Rat Umbilical Vein Endothelial Cells

SrHAW@PDA Improved the Biological Performance of BMSCs and UVECs

Hydroxyapatite nanowires (HAW) can effectively improve the bone repair ability in bone engineered tissue. However, due to their single function, the application of HAWs in biological tissue engineering materials is limited. In this study, strontium-doped hydroxyapatite nanowires (SrHAW) were synthesized by a hydrothermal method and coated with polydopamine (PDA) to improve the function of HAWs.

By co-culturing these with rat BMSCs and UVECs, Li's team aims to assess how strontium doping and PDA coating enhance cell activity, osteogenesis, and angiogenesis. To assess the biotoxicity of nanowires on BMSCs and UVECs, co-cultures were done with sets of HAW, 4SrHAW, and 4SrHAW@PDA. After 7 days, Live/Dead staining showed that BMSCs exhibited cell aggregation in the HAW and 4SrHAW groups, especially lacking Sr. In contrast, 4SrHAW@PDA cells grew healthily in a whirlpool-like pattern (Fig. 1A). The CCK-8 assay indicated a slow growth rate in the HAW group, while the others were faster, aligning with the staining results. Cell viability was highest with 4SrHAW@PDA, but differences with 4SrHAW were insignificant. Although UVEC viability was similar across groups, it was slightly higher with 4SrHAW@PDA, indicating improved biocompatibility due to PDA treatment (Fig. 1B and C).

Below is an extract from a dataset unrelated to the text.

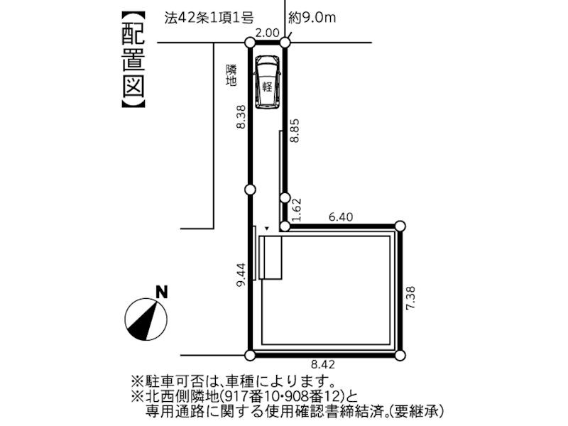 | セットバック | なし | 法令上の制限 | 準防火地域 第1種高度地区 高さ10m 敷地面積100平米以上 宅地造成および特定盛土等規制法 北西側隣地(917番10、908番12)と専用通路に関する使用確認書締結済(要継承) |
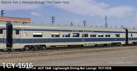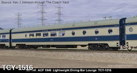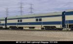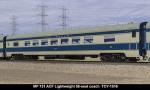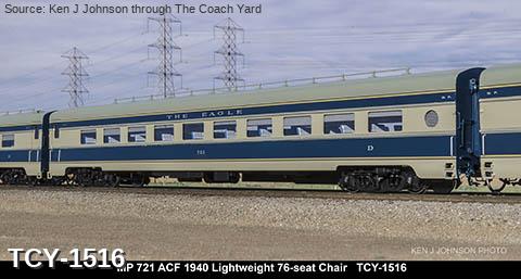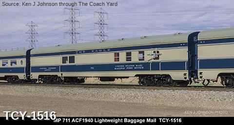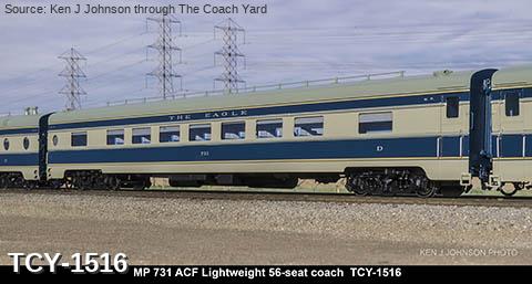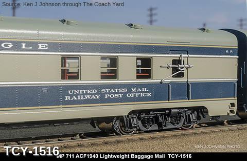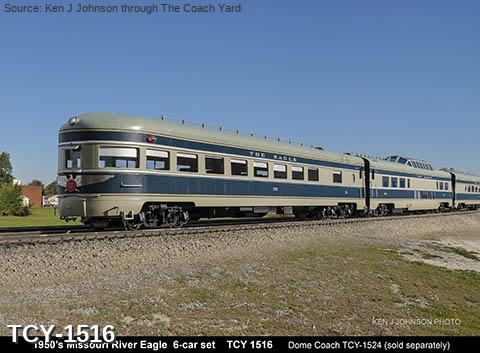 MP 'Missouri River Eagle' LW 6 car train, 1950s era, ACF built: Baggage #701, Baggage-Mail #711, Coach #721, 76 seat, Coach #731, 56 Seat, Diner-Bar-Lounge #741, Parlor Observation #751, FP Blue / Gray, LTD, INT NOTE: No engine

Fig. 1. Biocompatibility of HAW, 4SrHAW, 4SrHAW@PDA nanowires (Li H, Liu Y, et al., 2025).

Cell Growth on the RUVEC-BMVs and Nanofibrous Membranes

Bone regeneration faces challenges, particularly with large defects and pathologies. Although autologous bone grafting is the gold standard, it is limited by availability and quality. Biomimetic materials offer promising solutions. Zhu's team aims to create a functional 3D biomimetic osteon, replicating the structure and function of natural bone tissue to enhance regeneration, using electrospun nanofibers and microfluidically constructed blood vessels to emulate osteons fully. The biomimetic blood vessels, seeded with rat umbilical vein endothelial cells, secreted bone morphogenetic protein to stimulate osteogenesis and released platelet-derived growth factor to promote angiogenesis, further supporting osteogenesis processes.

Biocompatibility is crucial for biomaterials used in implants. After five days, over 95% of RUVECs in RUVEC-BMVs were viable, showing excellent compatibility (Fig. 2A). To assess Alg-GelMA hydrogels, BMSCs were cult.d on them, and after one day, they showed good adhesion and spreading (Fig. 2B). BMSC viability was similar on Alg-GelMA hydrogels and standard plates, confirming compatibility (Fig. 2C). Nanofibrous scaffold hydrophilicity was evaluated by water contact angle; type I collagen scaffolds had a ≈ 50° contact angle. Adding nHA didn't alter this, indicating consistent hydrophilicity (Fig. 2D). To assess the biocompatibility of four nanofibrous scaffolds (Col 1-R, Col 1-A, nHA-Col 1-R, nHA-Col 1-A), BMSCs were cultured on them. After two days, live/dead and cytoskeletal staining showed most cells were viable with few dead (Fig. 2E and F). BMSCs on random fiber scaffolds (Col 1-R, nHA-Col 1-R) grew irregularly, while those on aligned scaffolds (Col 1-A, nHA-Col 1-A) had an organized pattern. Cytoskeletal staining confirmed well-spread cells on all scaffolds. The CCK-8 assay over 1, 3, and 5 days showed no significant differences in cell viability among scaffolds and the control, indicating similar biocompatibility (Fig. 2G).

Fig. 2. Cell growth on the RUVEC-BMVs and nanofibrous scaffolds (Zhu CX, Li ZX, et al., 2025).